The project uses various visualization techniques to explore the data:

* **Distribution of Likes (Histogram):** Shows the overall distribution of likes, highlighting the skewness.
* **Likes by Category (Box Plots):** Compares the distribution of likes across different categories.
* **Category Counts (Count Plot):** Visualizes the number of tweets in each category.
* **Rolling Average of Likes Over Time (Line Plot):** Displays the 30-day rolling average of likes to identify trends.
* **Daily Average Likes (Line Plot):** Shows the average likes per day to highlight daily fluctuations.
* **Likes by User (Bar Chart):** Shows top users by total likes received.

## Analysis Techniques

* **ANOVA (Analysis of Variance):** A statistical test to determine if there's a significant difference in the *mean* number of likes between different categories.
* **Correlation Matrix (Heatmap):** Visualizes the linear correlations between the `likes` column and the one-hot encoded category variables.
* **Time Series Analysis:** Calculate daily average likes.

## Results and Conclusions

The analysis revealed the following key findings:

* The distribution of likes is highly skewed (most tweets have few likes, a few have many).
* While there's variation in the distribution of likes across categories, the ANOVA test showed *no statistically significant difference* in the mean likes between categories.
* The correlation matrix confirmed the weak (or non-existent) linear relationship between `likes` and `category`.
* The time series plots showed fluctuations in engagement over time, suggesting the influence of external factors.

## Recommendations

* **Investigate Outliers:** Examine the tweets with extremely high like counts to understand their characteristics.
* **Explore Temporal Patterns:** Analyze daily/weekly/monthly cycles and correlate engagement with external events.
* **Content Analysis:** Use Natural Language Processing (NLP) to analyze the text of the tweets.
* **User Segmentation:** Identify different user groups based on their behavior.
* **Predictive Modeling:** Build a model to predict tweet likes, incorporating additional features (content, user, time).

## Limitations

* The analysis is based on *simulated* data.
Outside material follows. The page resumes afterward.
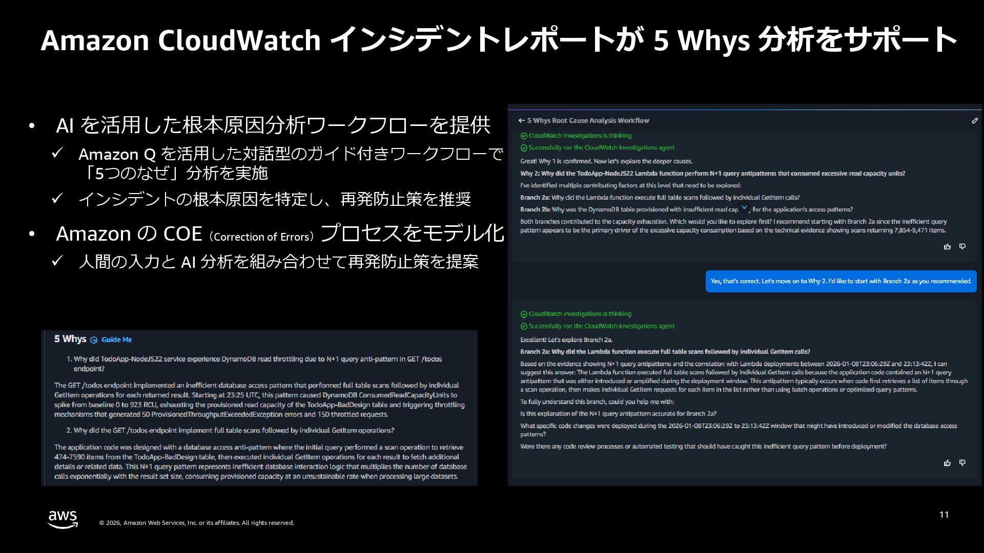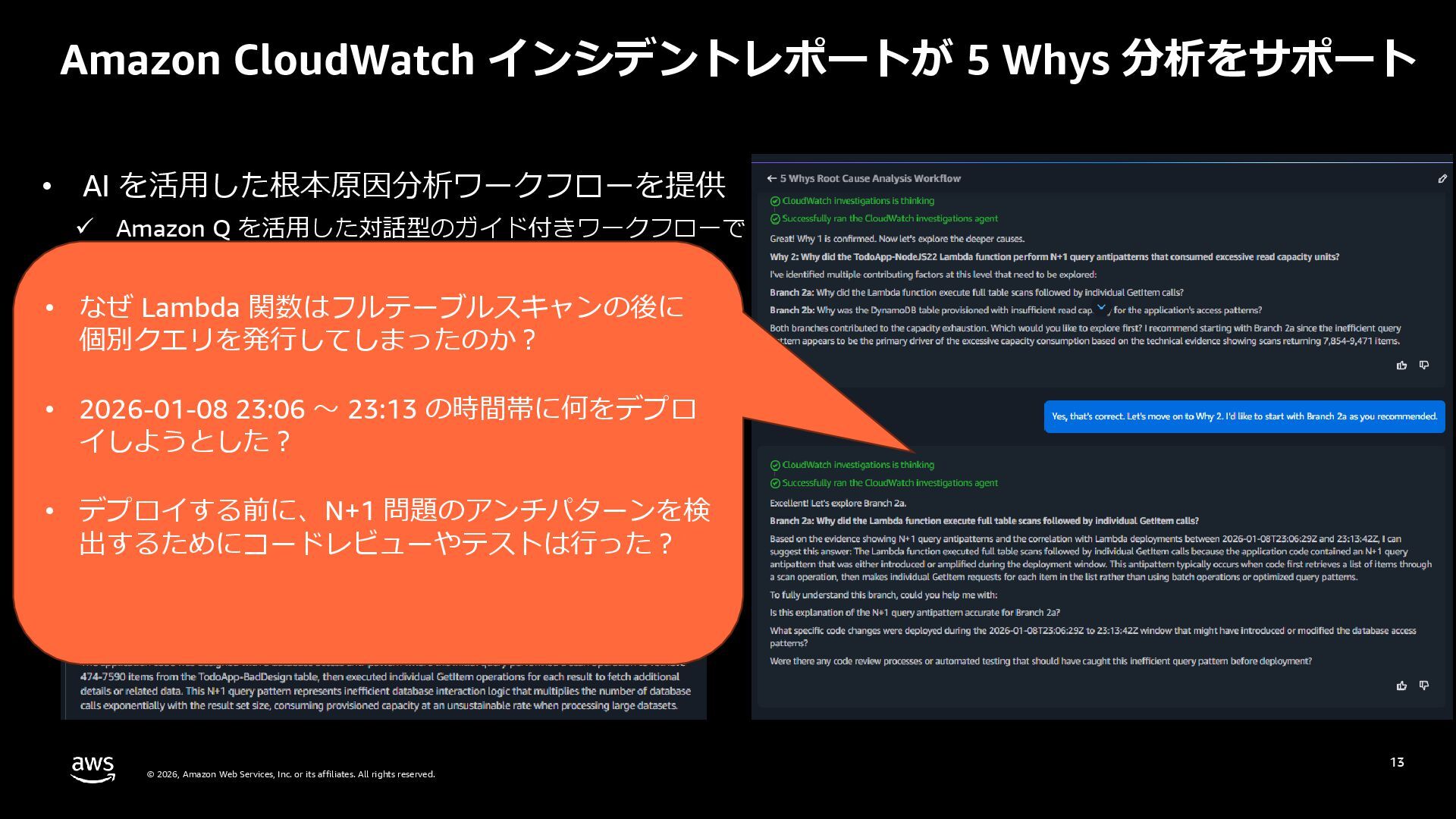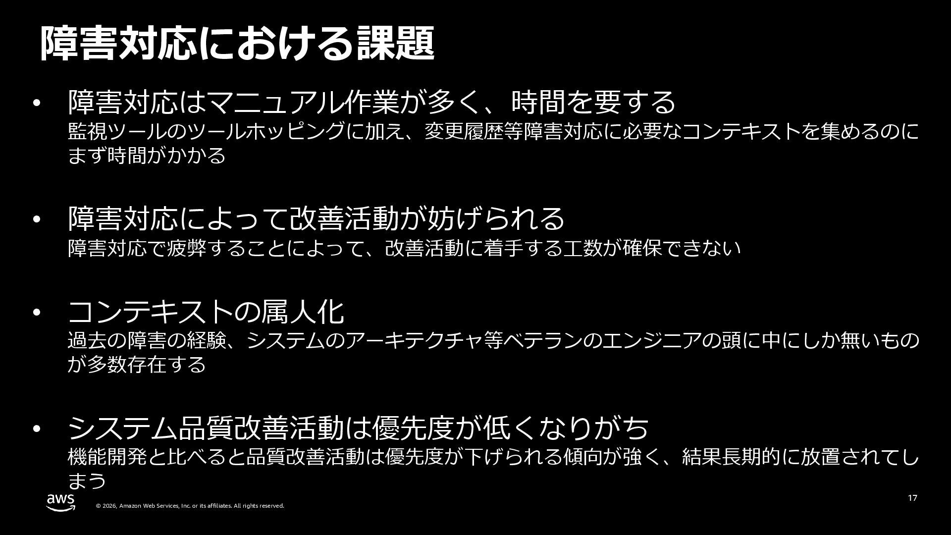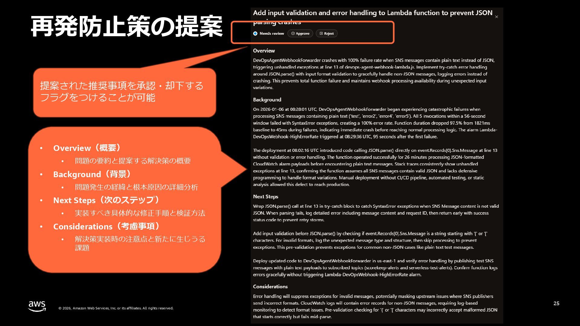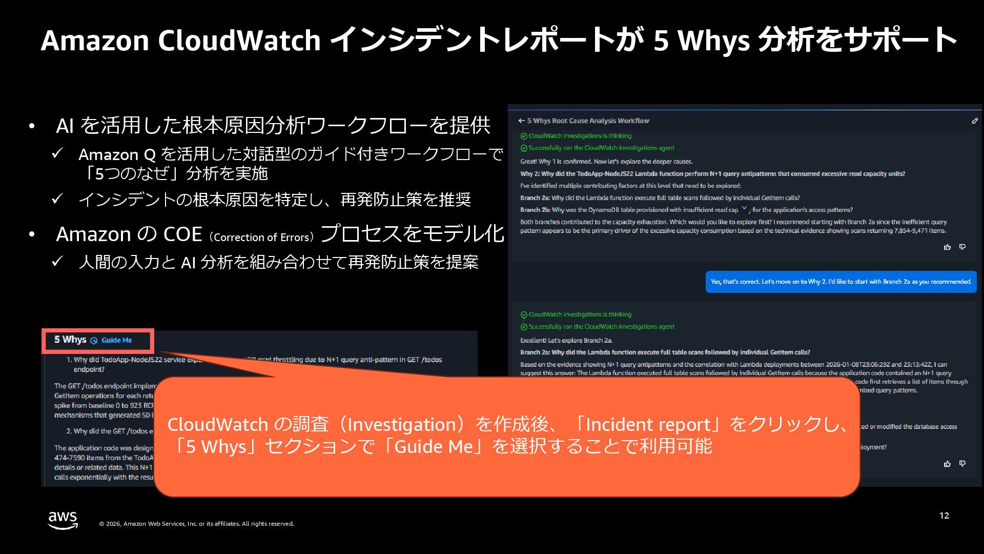 rights reserved. 27 DevOps Agent CloudWatch Investigations 料金体系 Preview 期間は無料 無料 リージョン Preview 期間は us-east-1 のみ (対象リソースは他リージョンも可) 複数リージョン対応 UI DevOps Agent Web App マネジメントコンソール クロスアカウント対応 可 要 CloudWatch Cross-Account o11y 3rd Party tool サポー ト Datadog, Dynatrace, New Relic, Splunk, ServiceNow, Slack, PagerDuty 等にデフォルト対応 MCP サーバーにより拡張可能 不可 リポジトリ& CI/CD パイプライン連携 GitHub, Gitlab 不可 修復アクション 提案のみ SSM Automation Runbook (実行にはユーザー承認が必要) Runbook 可 不可 サポート連携 可(Basic/Developer は制限有り) 不可 CloudWatch Investigations との比較

Real-world social media data is often more complex and requires more extensive cleaning and preprocessing.
* The dataset only includes a limited set of features. Many other factors can influence engagement.
* The correlation analysis only considers linear relationships.
* Correlation does not imply causation.

## How to Run

1. **Clone the repository:**

```bash
git clone https://github.com/OleksiyM/tweet-engagement-analysis.git
```
2. **Navigate to the project directory:**

```bash
cd tweet-engagement-analysis
```
3. **Open and run the Jupyter Notebook:**

```bash
jupyter notebook SocialMediaDataAnalysis.ipynb
```

Make sure you have the necessary libraries installed (see Prerequisites). The notebook will generate the `simulated_tweets.csv` file automatically.

## Contributing

Contributions are welcome! If you have ideas for improvements, bug fixes, or new features, please feel free to open an issue or submit a pull request.

## License
This project is licensed under the MIT License - see the [LICENSE](LICENSE) file for details.